A Hardware-Oriented Algorithm for Ultra-High-Speed Object Detection

This paper describes a novel hardware-oriented algorithm that can be implemented on a field-programmable gate array in a high-speed vision platform for detection of multiple objects with clear texture information in images of $512\times 512$ pixels at 10 000 frames per second (fps) under complex background. The proposed algorithm is specially designed for devices with limited hardware resource for high-frame-rate, high-data-throughput, and high-parallelism processing of video streams with low latency. The proposed algorithm is based on the conventional histograms of oriented gradient (HOG) descriptor and support vector machine classifier algorithms. Considering the trade-off between speed and accuracy, many hardware-based optimization operations were implemented. The data throughput is nearly 29.30 Gbps while the latency for feature extraction is 0.76 us (61 clock period).
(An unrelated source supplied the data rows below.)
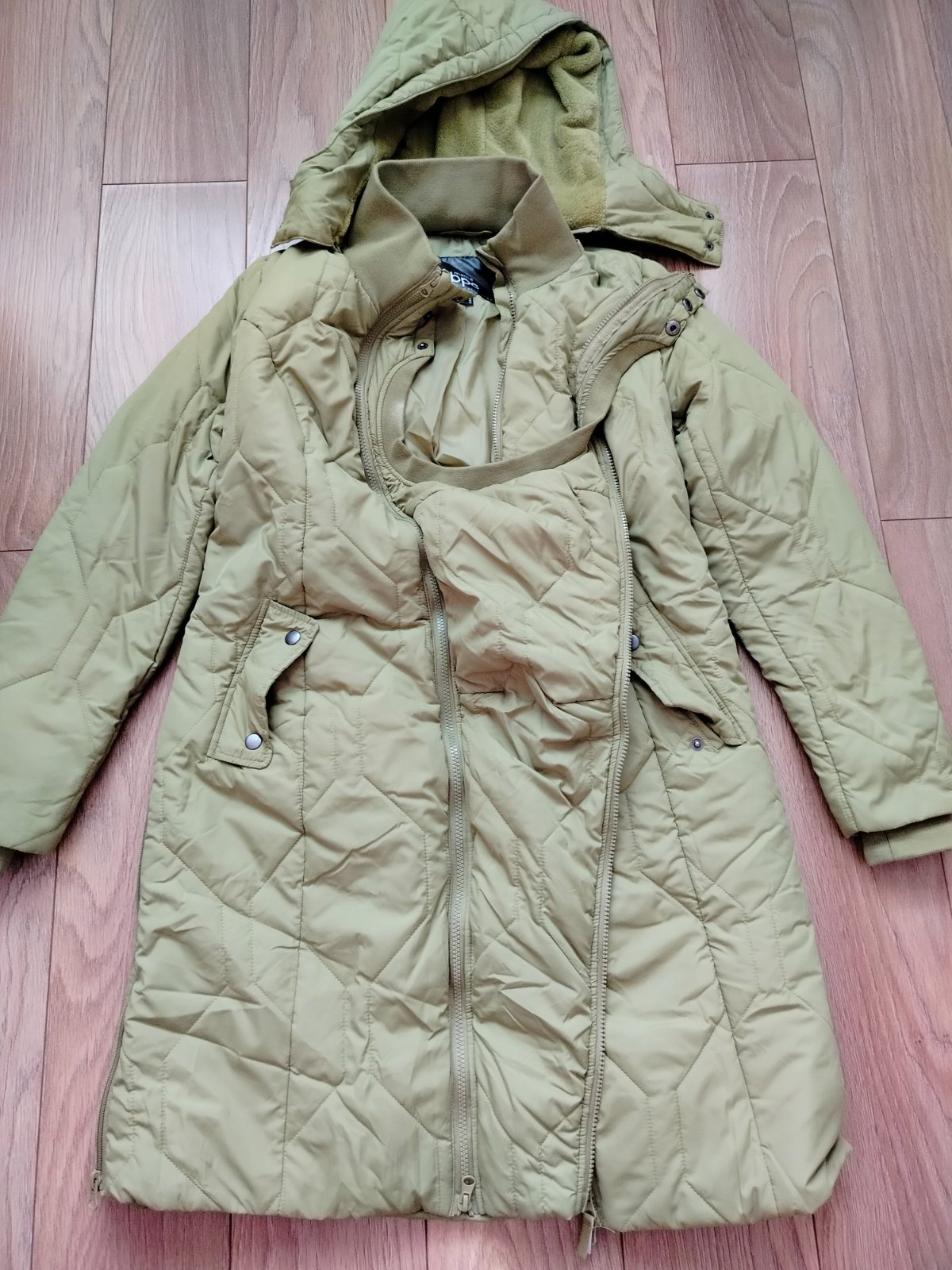 Funkcie: dvojitý zips + tehotenská vložka na rozšírenie (je súčasťou), po pôrode ideálne na dojčenie, veľká kapucňa, vysoký golier, praktické vrecká.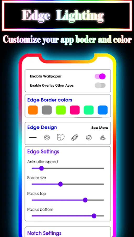 This EDGE - Border Lighting App add all awesome rounded corners light border on your phone home screen as well as lock screen. You can customize your app border according to your own choice in the application setting. You can change the edge lighting border color and design as well as speed of the lighting. We can also change notch display setting in edge lighting. Edge lighting is supportable for all types of screen in android devices. Lighting for screen infinity U shape and infinity V shape as well as infinity O type.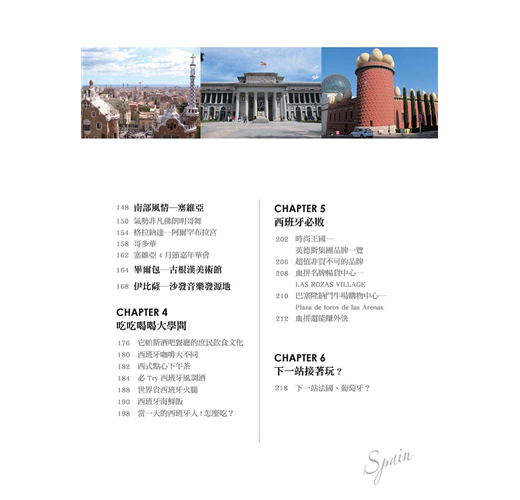 ◎年度盛事旅遊參考:書末特別將西班牙的年度盛事整合成列表,結合了相關的觀光建議、旅行叮嚀、旅費曲線與氣溫等資訊。
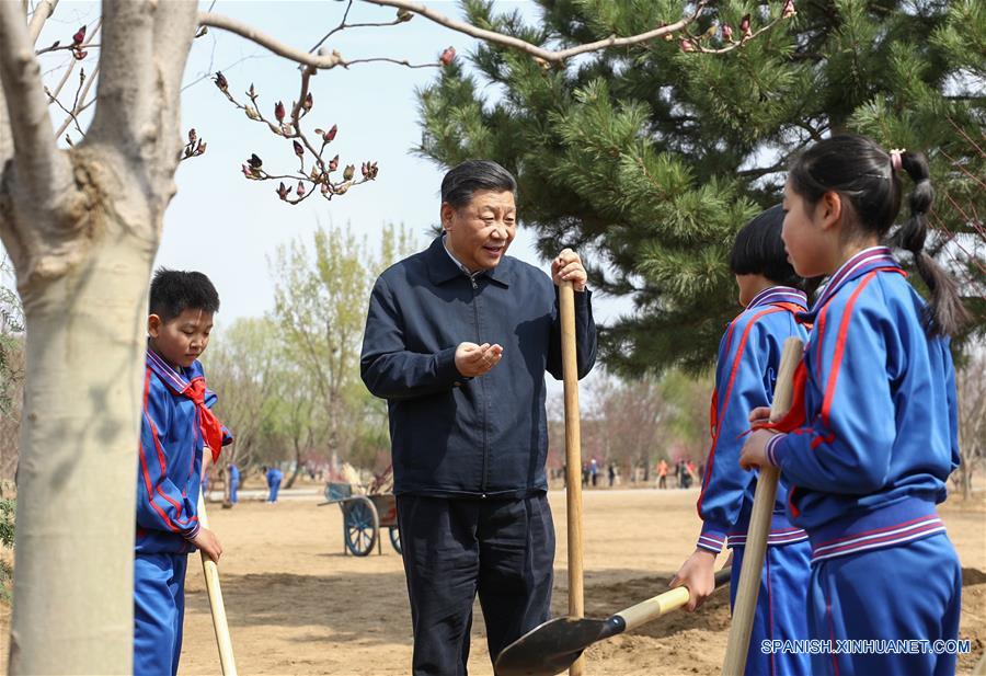 El presidente de China, Xi Jinping, también secretario general del Comité Central del Partido Comunista de China y presidente de la Comisión Militar Central, conversa con estudiantes durante una actividad de plantación de árboles, en el distrito de Tongzhou en Beijing, capital de China, el 8 de abril de 2019. Otros líderes del Partido y del Estado, entre ellos Li Zhanshu, Wang Yang, Wang Huning, Zhao Leji, Han Zheng y Wang Qishan, asistieron también a la actividad. (Xinhua/Ju Peng)

After hardware-based image processing, the source image and the detected object features can be transferred to a personal computer for recording or post-processing at 10 000 fps. Several experiments were done to demonstrate the performance of our proposed algorithm for ultra-high-speed moving object detection with clear texture information in images.

[1]  Shintaro Izumi,et al.  Architectural Study of HOG Feature Extraction Processor for Real-Time Object Detection , 2012, 2012 IEEE Workshop on Signal Processing Systems.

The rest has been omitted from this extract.